Assignment: Leaving the pictures aside, repeat every line below exactly.

Dataset excerpt:
◇ ◇ ◇

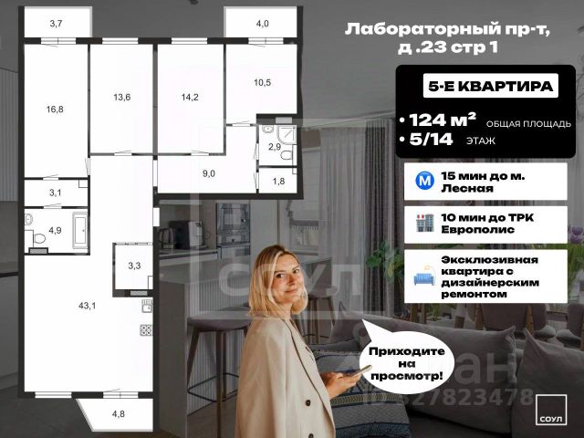 Продаётся 4к.кв. в ЖК БелАрт от застройщика Группа компаний "РСТИ" (Росстройинвест). Квартира находится в 23 этажном доме, в Корпус 4 на 13 этаже. Общая площадь квартиры 113,10 кв.м. ЖК "БелАрт" — современный квартал комфорт-класса, расположенный в Калининском районе Санкт-Петербурга, в шаговой доступности от станции метро "Лесная". В состав проекта входят пять корпусов переменной этажности. Уникальная архитектура, выверенная геометрия фасадов, грамотное зонирование общественных пространств и придомовой территории, продуманные планировки квартир. Особое внимание уделено обустройству мест общего пользования: в парадных появятся зоны для отдыха и помещения для хранения велосипедов и колясок. В закрытых благоустроенных дворах будут обустроены детские площадки, зоны для отдыха. Украшением квартала станет променад протяженностью почти 300 метров с фруктовым садом. На первых этажах домов жилого комплекса "БелАрт" откроются продуктовые магазины, пекарни, салоны красоты. В стилобатной части домов спроектированы подземные паркинги. ЖК строится на Полюстровском проспекте. До станции метро "Лесная" 1,4 км, а до Финляндского вокзала 4,5 км. Ближайшие остановки общественного транспорта всего в 50 метрах от комплекса. Выезд на КАД находится в 7,5 км, на 3СД в 9,5 км, а до центра города всего 9 км. "БелАрт" расположен в непосредственной близости от крупных транспортных магистралей: Полюстровского проспекта, проспекта Маршала Блюхера, Большого Сампсониевского проспекта, Кантемировской улицы, Ушаковской и Выборгской набережных. Калининский район Санкт-Петербурга — развитый район с налаженной инфраструктурой. На расстоянии 12 км от квартала работают более 10 детских садов и 7 школ. Близость к метро и центру делает доступными лучшие учебные заведения. В окружении комплекса уже работают различные магазины, медицинские клиники и многое другое. Рядом со станцией метро "Лесная" расположен торгово-развлекательный комплекс "Европолис".
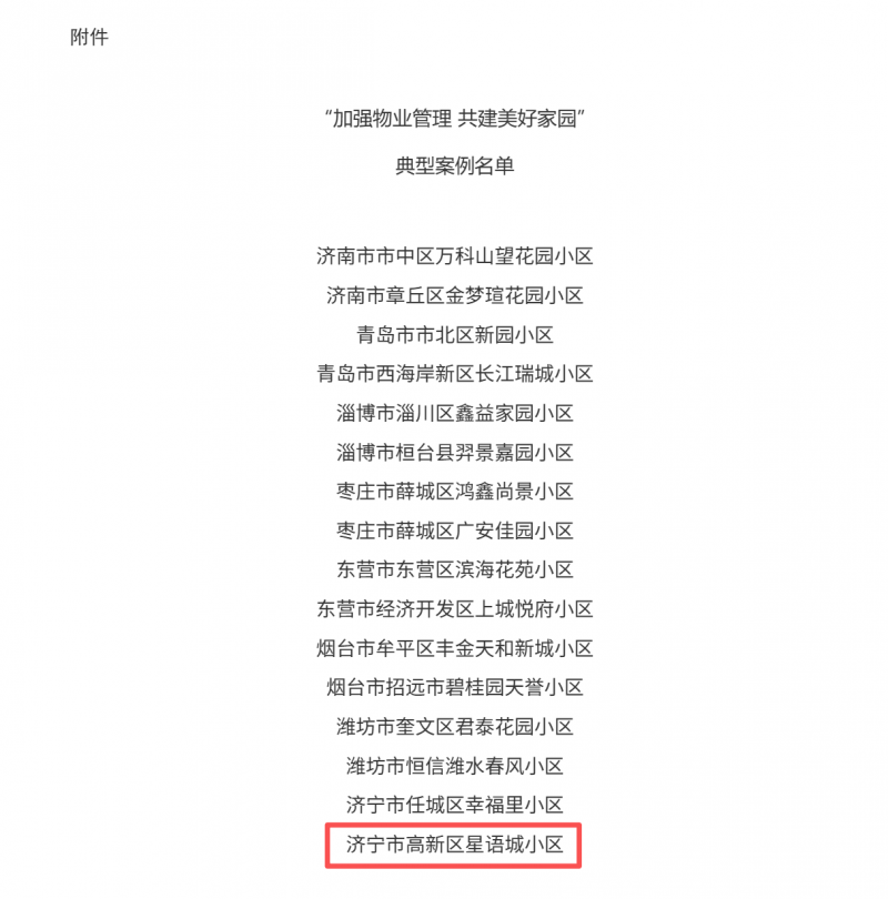 这是一个关于“党建共治”如何让社区更有温度的故事。自项目交付以来,曾获得市级美好家园样板小区,2025年被评选为山东省级美好家园典型案例小区。但最大的回报并非一块“奖牌”,而是让454户家庭真切参与到“街道共治、空间共建、服务共享”的社区治理新实践中。 2025年12月,山东省住房和城乡建设厅正式发布省级“加强物业管理 共建美好家园”典型案例名单,济宁星语城小区凭借其创新实践与卓越成效荣誉登榜。
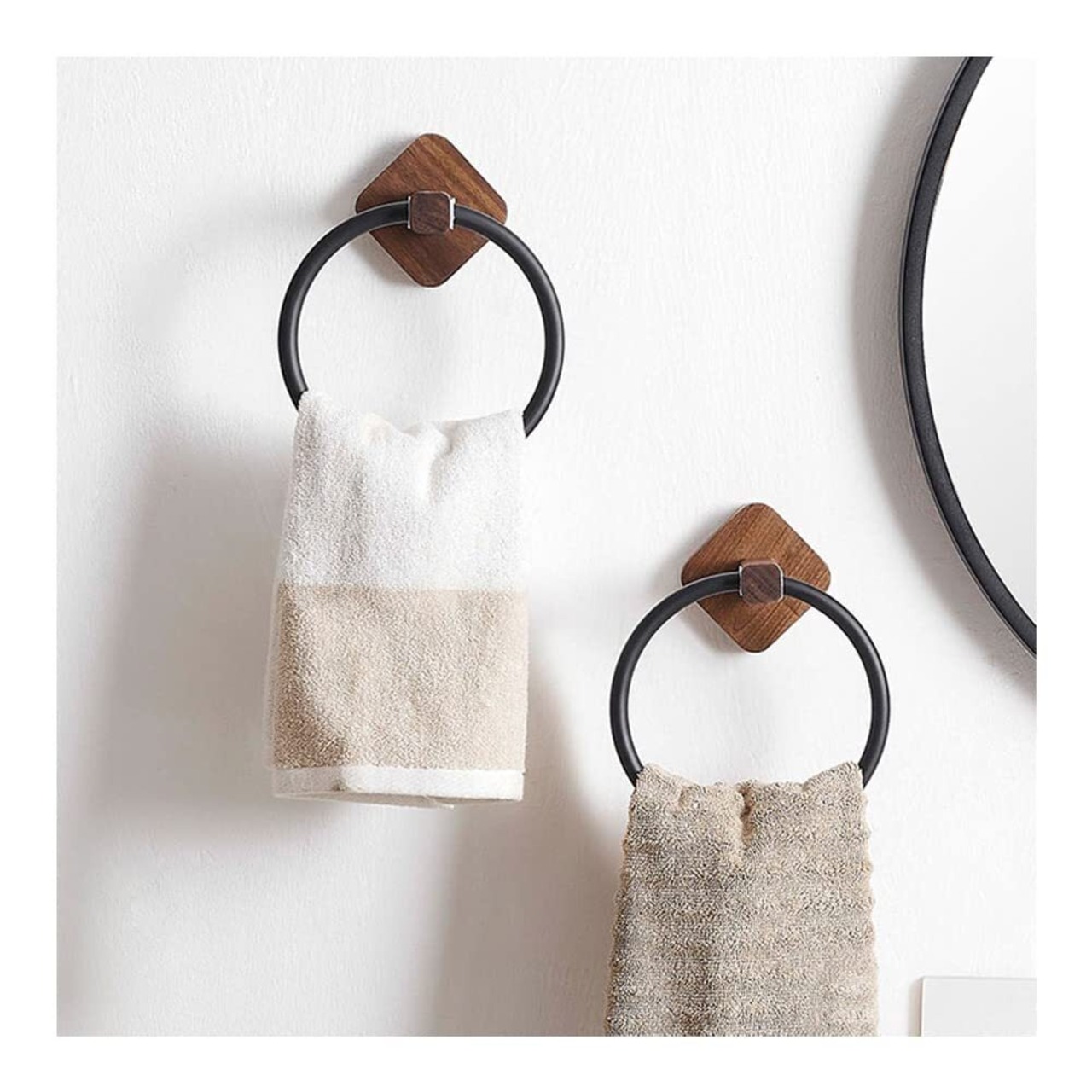 【材質】美しい木目の黒クルミ材とファション感溢れるアルミニウムの組み合わせがとってもおしゃれなタオルリングです。防カビ、防水、防錆、耐摩耗性があり、非常に丈夫で長持ちします。

◇ ◇ ◇

Exercise response:
 Продаётся 4к.кв. в ЖК БелАрт от застройщика Группа компаний "РСТИ" (Росстройинвест). Квартира находится в 23 этажном доме, в Корпус 4 на 13 этаже. Общая площадь квартиры 113,10 кв.м. ЖК "БелАрт" — современный квартал комфорт-класса, расположенный в Калининском районе Санкт-Петербурга, в шаговой доступности от станции метро "Лесная". В состав проекта входят пять корпусов переменной этажности. Уникальная архитектура, выверенная геометрия фасадов, грамотное зонирование общественных пространств и придомовой территории, продуманные планировки квартир. Особое внимание уделено обустройству мест общего пользования: в парадных появятся зоны для отдыха и помещения для хранения велосипедов и колясок. В закрытых благоустроенных дворах будут обустроены детские площадки, зоны для отдыха. Украшением квартала станет променад протяженностью почти 300 метров с фруктовым садом. На первых этажах домов жилого комплекса "БелАрт" откроются продуктовые магазины, пекарни, салоны красоты. В стилобатной части домов спроектированы подземные паркинги. ЖК строится на Полюстровском проспекте. До станции метро "Лесная" 1,4 км, а до Финляндского вокзала 4,5 км. Ближайшие остановки общественного транспорта всего в 50 метрах от комплекса. Выезд на КАД находится в 7,5 км, на 3СД в 9,5 км, а до центра города всего 9 км. "БелАрт" расположен в непосредственной близости от крупных транспортных магистралей: Полюстровского проспекта, проспекта Маршала Блюхера, Большого Сампсониевского проспекта, Кантемировской улицы, Ушаковской и Выборгской набережных. Калининский район Санкт-Петербурга — развитый район с налаженной инфраструктурой. На расстоянии 12 км от квартала работают более 10 детских садов и 7 школ. Близость к метро и центру делает доступными лучшие учебные заведения. В окружении комплекса уже работают различные магазины, медицинские клиники и многое другое. Рядом со станцией метро "Лесная" расположен торгово-развлекательный комплекс "Европолис".
 这是一个关于“党建共治”如何让社区更有温度的故事。自项目交付以来,曾获得市级美好家园样板小区,2025年被评选为山东省级美好家园典型案例小区。但最大的回报并非一块“奖牌”,而是让454户家庭真切参与到“街道共治、空间共建、服务共享”的社区治理新实践中。 2025年12月,山东省住房和城乡建设厅正式发布省级“加强物业管理 共建美好家园”典型案例名单,济宁星语城小区凭借其创新实践与卓越成效荣誉登榜。
 【材質】美しい木目の黒クルミ材とファション感溢れるアルミニウムの組み合わせがとってもおしゃれなタオルリングです。防カビ、防水、防錆、耐摩耗性があり、非常に丈夫で長持ちします。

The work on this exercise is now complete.